-
Notifications
You must be signed in to change notification settings - Fork 311
Description
Processing of data depends on bottlenecks in the whole workflow. On the same time, the prepared events sit in queues, and some reports can produce a huge amount of events. Current ways to rate-limit bots processing are sleeps between iterations and the wait expert, that can hold a message until given condition is met (the queue size).
On the other hand, our queueing system is based primarily on Redis and entirely in-memory, what is great for performance, but leads to problematic behaviour when events are getting accumulated: Redis can fill up the memory causing OOM errors (both just because of the amount of live events as well as during performing RDS backup). In addition, an OOM kill during RDS backup leads to broken RDS files that can also fill up the disk space. Some workarounds are possible, like e.g. using KeyDB with storing data on disk (although KeyDB seems to be abandoned).
This current rate-limiting ways available in the IntelMQ fail to prevent this. They can only hold events, but are unable to prevent generating new once a message reaches a bot.

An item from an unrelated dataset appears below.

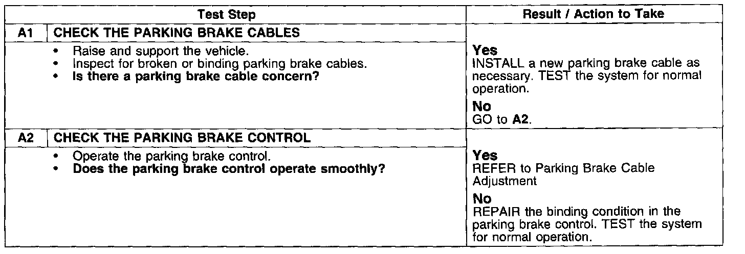 PINPOINT TEST A: THE PARKING BRAKE WILL NOT APPLY
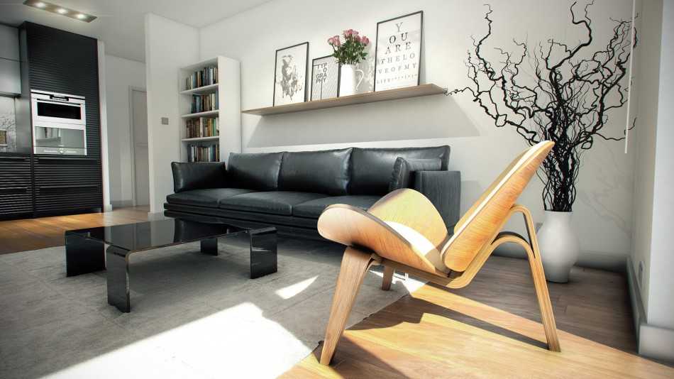 Барные стулья и барная стойка на кухне визуально отгородят ее от остальной части квартиры. Большой мягкий диван может служить центром отдыха и развлечения. Деревянный стол и удобное кресло выделят зону работы. Использование мебели-трансформера даст возможность по максимуму освободить свободное пространство, визуально сделав квартиру просторнее.

As a real example, ShadowServer has a few informative reports, like Device Identification. They can generate a huge amount of events, and the parser works significantly quicker as saving to the database. We can use wait bot to hold a report until the DB bot's queue is empty, but once the report came to the parser, we cannot stop flooding the system.

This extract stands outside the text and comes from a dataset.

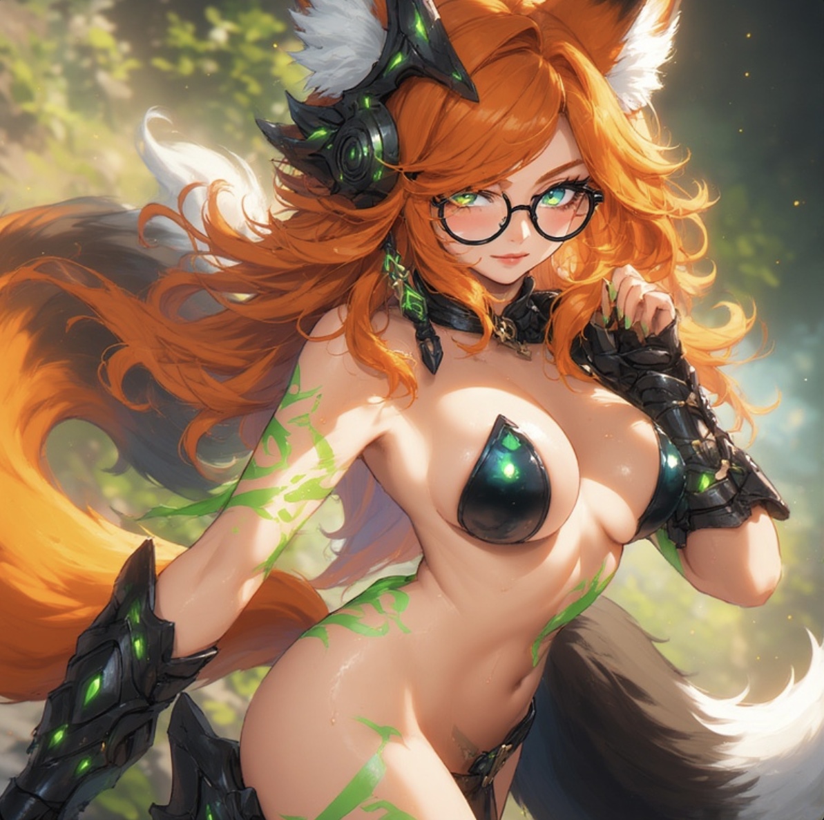 Tags: armored femalebeautifulcovered nipplesfox earsfox girlfox tailglassesglisteningmedium breastsoiledorange hairperfect bodyrevealing clothesshiny skin

As a solution, I propose to built-in an optional simple rate-limiting, similar to how the wait bot works: after sending the generated event to the pipeline, the bot's class could check a size of a queue and eventually wait until it's free enough.
I would not like to implement it on a bot-base, but at least directly in the ParserBot class, preferably in the generic Bot or Pipeline (as it's Redis-related solution, other pipelines may not need it or require different solution). This way, the rate-limiting can be used in any bot, and slow-down production of new events if a designed bottleneck is not keeping up with the work.
An alternative would be to provide more advanced conditions, like available RAM etc., but it's in my eyes to complicated solution for a simple problem.